- _Given data_:
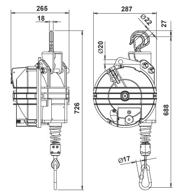 - Safety device against load dropping due to the spring breakage (>3kg)
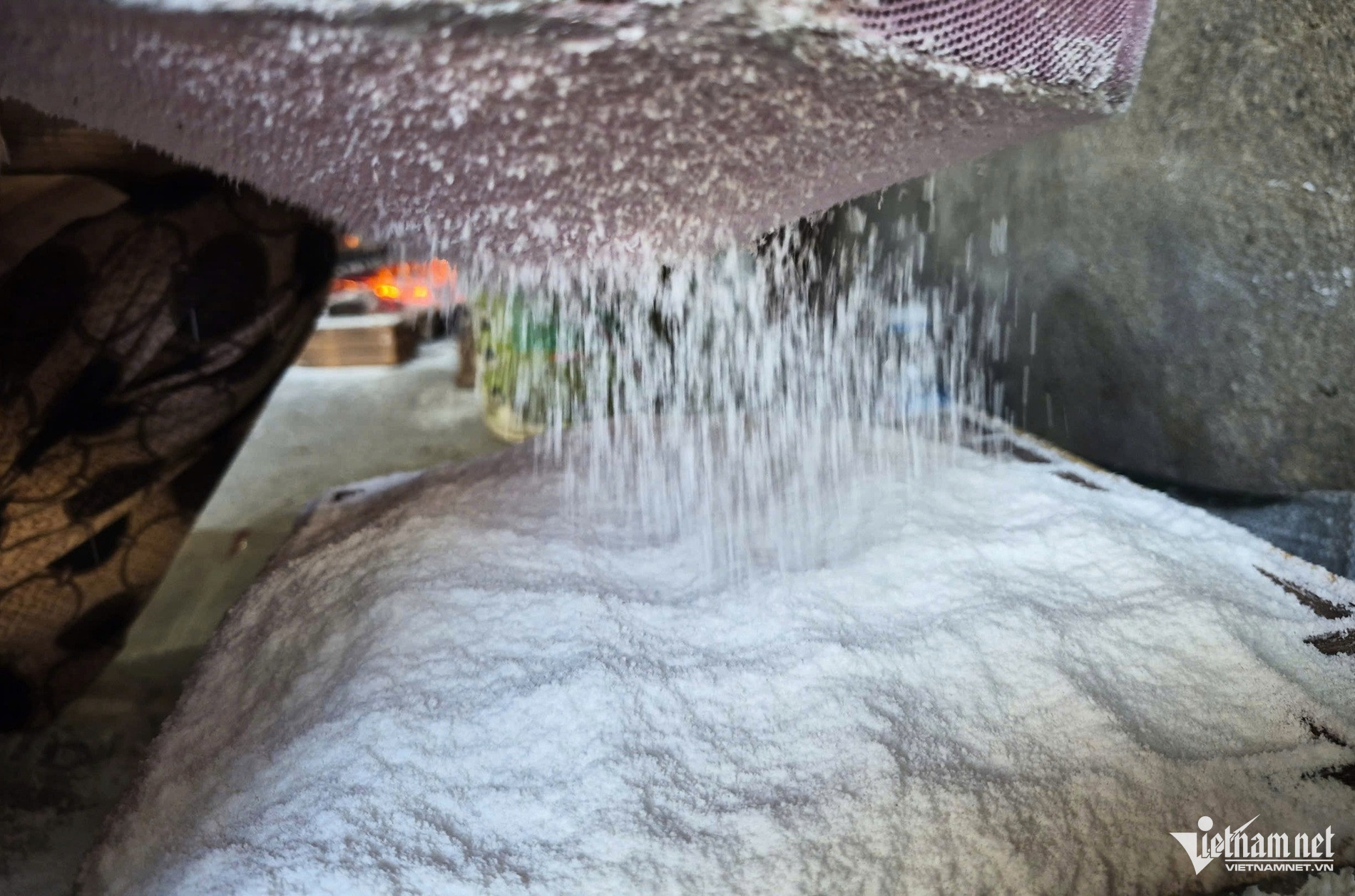 Bà Nghĩ cho biết, để có được chiếc bánh khô mè đạt chuẩn, người thợ phải trải qua bảy lần nướng trên lửa, mỗi công đoạn đều rất quan trọng. Vào cao điểm cận Tết, lò bánh của gia đình thường đỏ lửa từ 2h đến khoảng 14h mới tạm nghỉ. Riêng mùa Tết, gia đình bà sử dụng khoảng 1 tấn gạo để làm bánh.
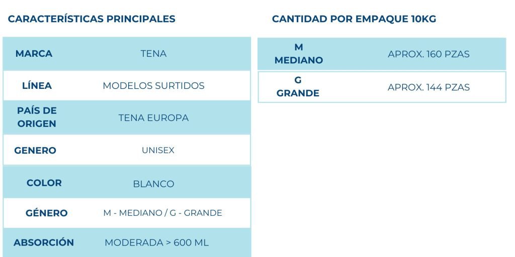 Pañales de importación, Tena Europa, seleccionados de diferentes modelos Tena, revisados para garantizar buen desempeño y comodidad. Una opción accesible y confiable, con absorción moderada para el uso diario.
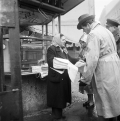 Kálvin tér, hírlapárus a Baross utca torkolatánál.

- _Exercise_:
Once the pictures are set aside, give every line above again without alteration.

- _Result of this task_:
 - Safety device against load dropping due to the spring breakage (>3kg)
 Bà Nghĩ cho biết, để có được chiếc bánh khô mè đạt chuẩn, người thợ phải trải qua bảy lần nướng trên lửa, mỗi công đoạn đều rất quan trọng. Vào cao điểm cận Tết, lò bánh của gia đình thường đỏ lửa từ 2h đến khoảng 14h mới tạm nghỉ. Riêng mùa Tết, gia đình bà sử dụng khoảng 1 tấn gạo để làm bánh.
 Pañales de importación, Tena Europa, seleccionados de diferentes modelos Tena, revisados para garantizar buen desempeño y comodidad. Una opción accesible y confiable, con absorción moderada para el uso diario.
 Kálvin tér, hírlapárus a Baross utca torkolatánál.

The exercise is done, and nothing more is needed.